_Work task_
Omit the images, then print each record below exactly as it reads.

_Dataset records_
┌──

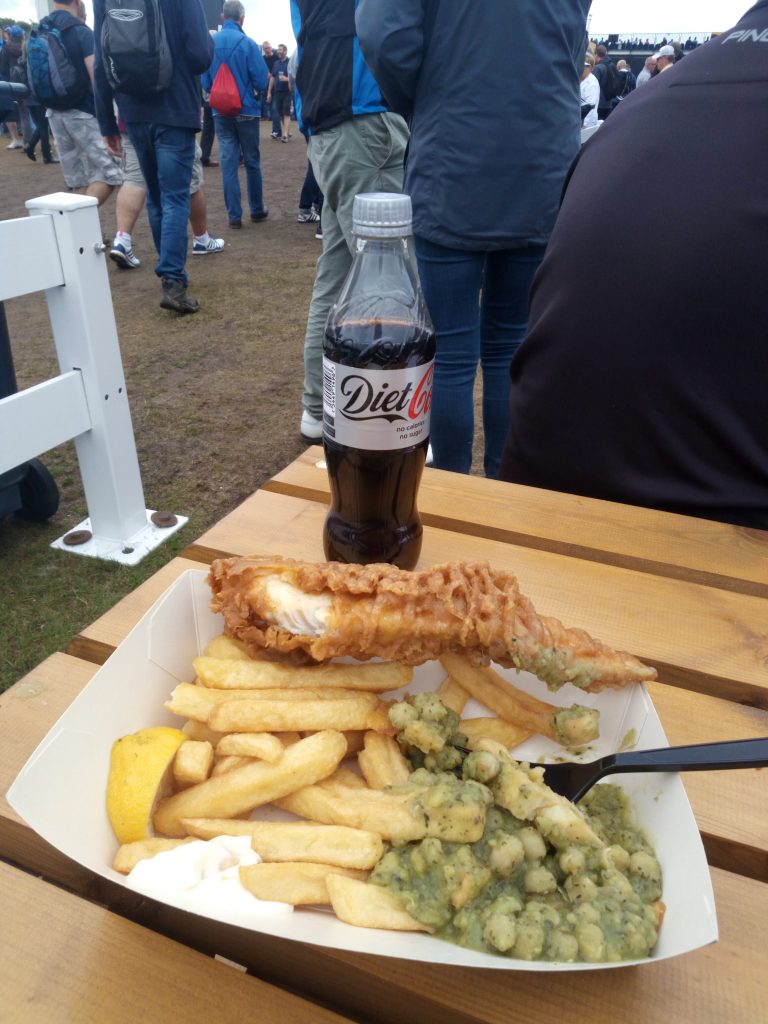 Mi sono concesso un caffè americano ed un muffin, calandomi nelle abitudini inglesi con un occhio ai tee time dei miei giocatori preferiti, grazie alla comoda app dell’Open, precedentemente scaricata.
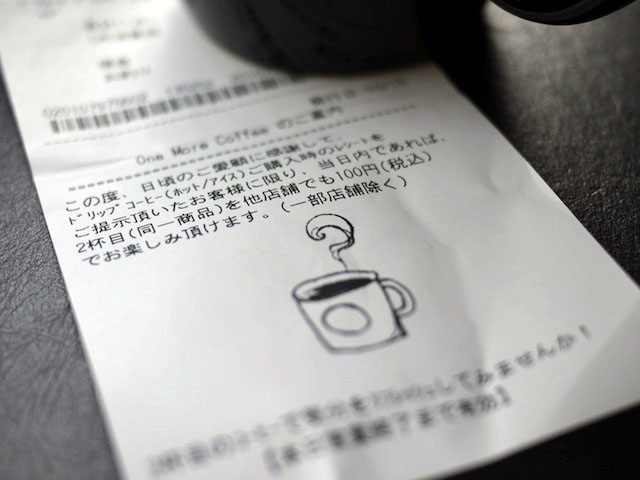 ドリップコーヒーを飲んだレシートで、もう一杯分が100円になるってうれしいコレ。
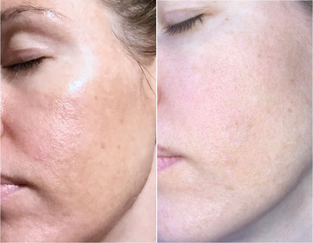 Start with clean, dry skin. Gently cleanse the area you want to treat, face or body, and pat dry.
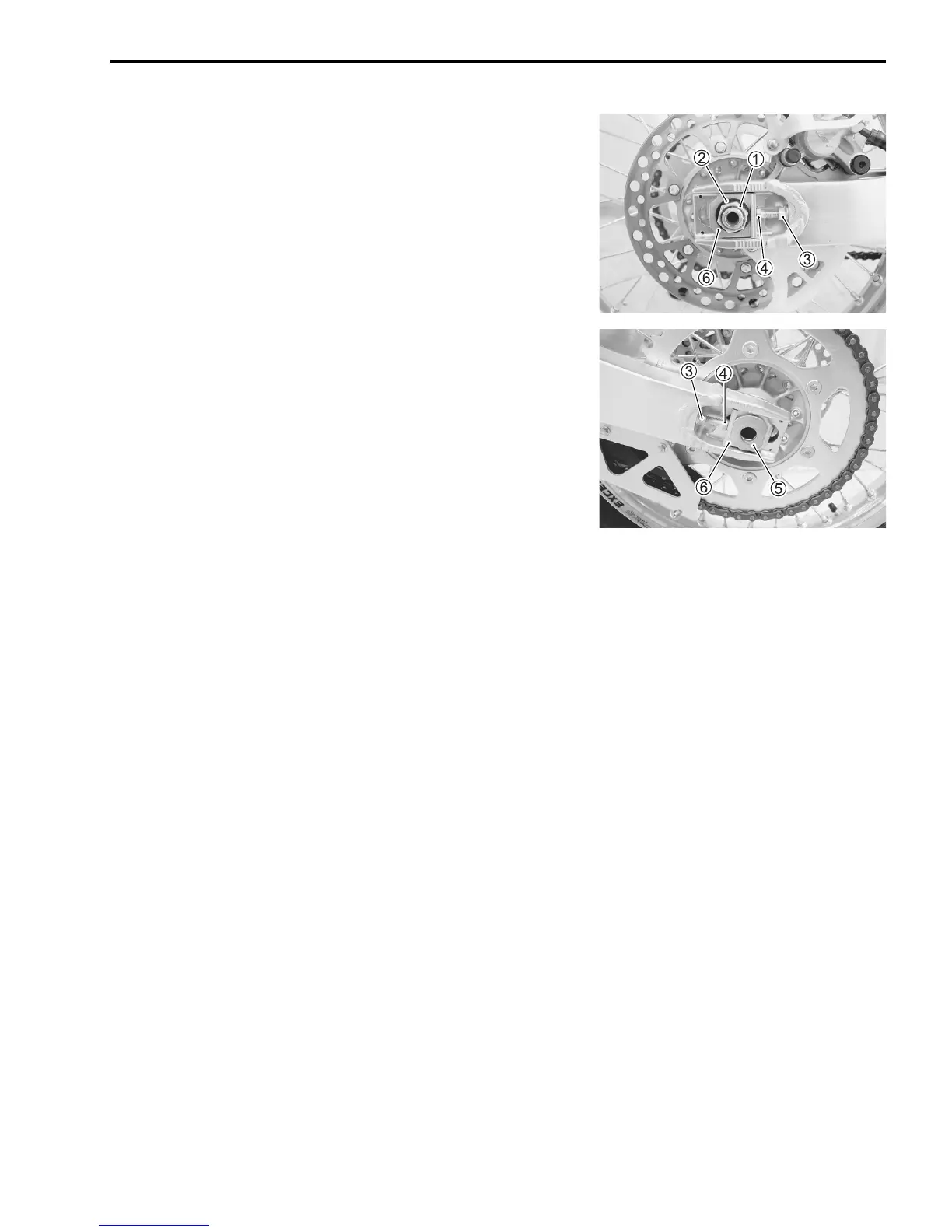 • Remove the rear axle shaft 5 and chain adjuster washers 6.
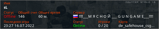 Играет на Counter Strike 1.6 сервере. Страна: РоссияПервый раз замечен 21:24 15.07.2022
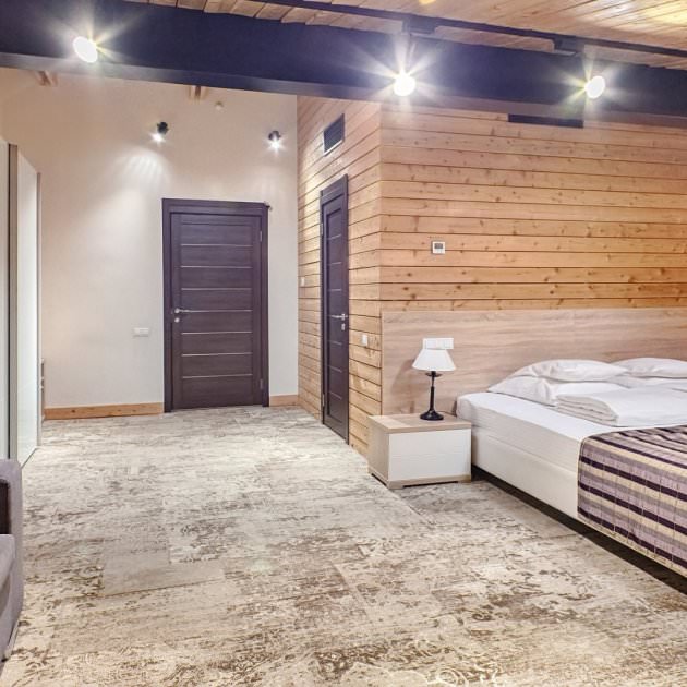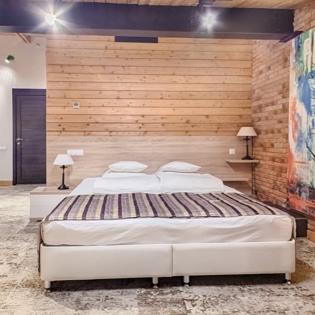 Просторные 2х местные номера категории «Студия 6 этаж» в современном стиле «Лофт» с одной двуспальной кроватью или двумя односпальными кроватями.
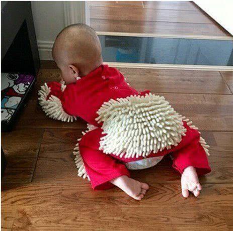 《太阳报》报道的婴儿爬行服可以帮这些父母实现他们的梦想”。这种连体爬行服的前部、后面及手臂处都有条状拖把”纤维。该爬行服的产品介绍中说,让你的宝宝帮忙打扫房间吧!”生产商称衣服上的纤维对宝宝的爬行能起到额外的保护作用。
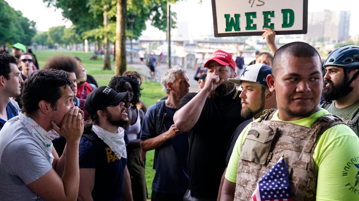 Patriot Prayer, a far-right protest group based out of Vancouver, Wash., was in Portland for what it called a "march for Kate Steinle," the San Francisco woman who was shot and killed by an undocumented immigrant earlier this year. A jury acquitted the man of murder and involuntary manslaughter charges last month—but the killing has become a rallying point for nationalists who want to close the border with Mexico.
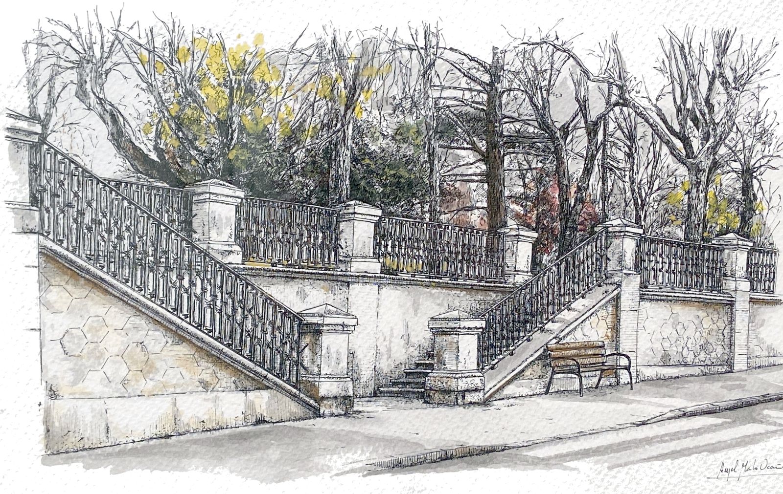 Todos los días pasamos por la Carrera, que es ahora de San Francisco, como siempre lo fue, y nos fijamos en el muro de contención del Paseo de la Concordia sobre ella, al que en los comienzos del siglo XX el Ayuntamiento decidió hacerle una gran escalera de doble tiro para comunicar a los peatones de la cuesta con el parque. A ese detalle urbano, –intrascendente, sí, pero elegante, el artista molinés Ángel Malo Ocaña le ha querido dedicar uno de los dibujos que él sabe hacer, con minuciosidad y empaque, a plumilla y con leve coloración de acuarela, dándole categoría de obra de arte.
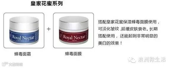 去黄、美白、修复、光滑、保湿,Royal Nectar皇家花蜜蜂毒面膜包含一个名Easyliance的成分,轻轻将刺激你的面部肌肉收紧和紧致肌肤,减少您的皱眉和笑声线的影响,有天然肉毒杆菌替代品之称。 具有强力抗氧化、抗老化、去皱,提升脸部线条面膜。【蜂毒面膜+蜂毒面霜=美肤效果提高30%】
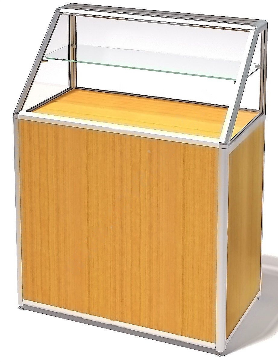 Витрина состоит из глухой нижней части и прозрачного отсека с наклонным фасадом.
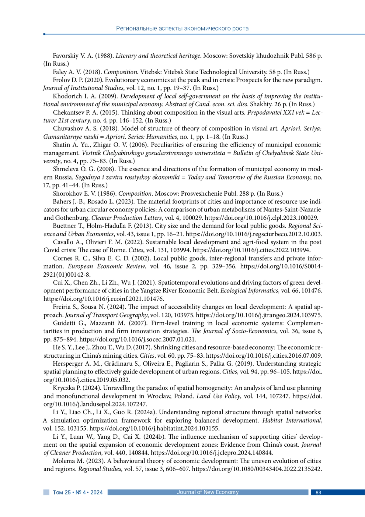 13. Ковальчук Н. А. (1990). Композиция. Художественные средства. Москва: Плакат. 32 с. Лаврикова Ю. Г. (2008). Концептуальные основы пространственного развития регионов // Журнал экономической теории. № 4. С. 147-162.
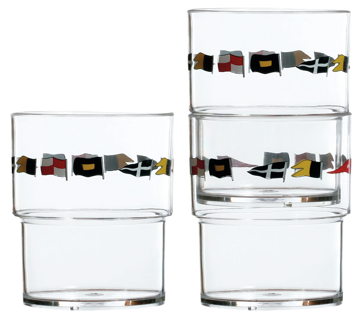Regata-sarjan lasit on valmistettu särkymättömästä MS-materiaalista (60 % akryyliä ja 40 % polystyreeniä). Ne sopivat erityisesti kylmille juomille.
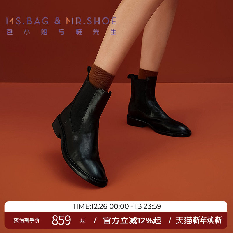 包小姐与鞋先生秋季黑色水洗马皮平跟短靴女244150

└──

_Exercise result_
 Mi sono concesso un caffè americano ed un muffin, calandomi nelle abitudini inglesi con un occhio ai tee time dei miei giocatori preferiti, grazie alla comoda app dell’Open, precedentemente scaricata.
 ドリップコーヒーを飲んだレシートで、もう一杯分が100円になるってうれしいコレ。
 Start with clean, dry skin. Gently cleanse the area you want to treat, face or body, and pat dry.
 • Remove the rear axle shaft 5 and chain adjuster washers 6.
 Играет на Counter Strike 1.6 сервере. Страна: РоссияПервый раз замечен 21:24 15.07.2022
 Просторные 2х местные номера категории «Студия 6 этаж» в современном стиле «Лофт» с одной двуспальной кроватью или двумя односпальными кроватями.
 《太阳报》报道的婴儿爬行服可以帮这些父母实现他们的梦想”。这种连体爬行服的前部、后面及手臂处都有条状拖把”纤维。该爬行服的产品介绍中说,让你的宝宝帮忙打扫房间吧!”生产商称衣服上的纤维对宝宝的爬行能起到额外的保护作用。
 Patriot Prayer, a far-right protest group based out of Vancouver, Wash., was in Portland for what it called a "march for Kate Steinle," the San Francisco woman who was shot and killed by an undocumented immigrant earlier this year. A jury acquitted the man of murder and involuntary manslaughter charges last month—but the killing has become a rallying point for nationalists who want to close the border with Mexico.
 Todos los días pasamos por la Carrera, que es ahora de San Francisco, como siempre lo fue, y nos fijamos en el muro de contención del Paseo de la Concordia sobre ella, al que en los comienzos del siglo XX el Ayuntamiento decidió hacerle una gran escalera de doble tiro para comunicar a los peatones de la cuesta con el parque. A ese detalle urbano, –intrascendente, sí, pero elegante, el artista molinés Ángel Malo Ocaña le ha querido dedicar uno de los dibujos que él sabe hacer, con minuciosidad y empaque, a plumilla y con leve coloración de acuarela, dándole categoría de obra de arte.
 去黄、美白、修复、光滑、保湿,Royal Nectar皇家花蜜蜂毒面膜包含一个名Easyliance的成分,轻轻将刺激你的面部肌肉收紧和紧致肌肤,减少您的皱眉和笑声线的影响,有天然肉毒杆菌替代品之称。 具有强力抗氧化、抗老化、去皱,提升脸部线条面膜。【蜂毒面膜+蜂毒面霜=美肤效果提高30%】
 Витрина состоит из глухой нижней части и прозрачного отсека с наклонным фасадом.
 13. Ковальчук Н. А. (1990). Композиция. Художественные средства. Москва: Плакат. 32 с. Лаврикова Ю. Г. (2008). Концептуальные основы пространственного развития регионов // Журнал экономической теории. № 4. С. 147-162.
Regata-sarjan lasit on valmistettu särkymättömästä MS-materiaalista (60 % akryyliä ja 40 % polystyreeniä). Ne sopivat erityisesti kylmille juomille.
 包小姐与鞋先生秋季黑色水洗马皮平跟短靴女244150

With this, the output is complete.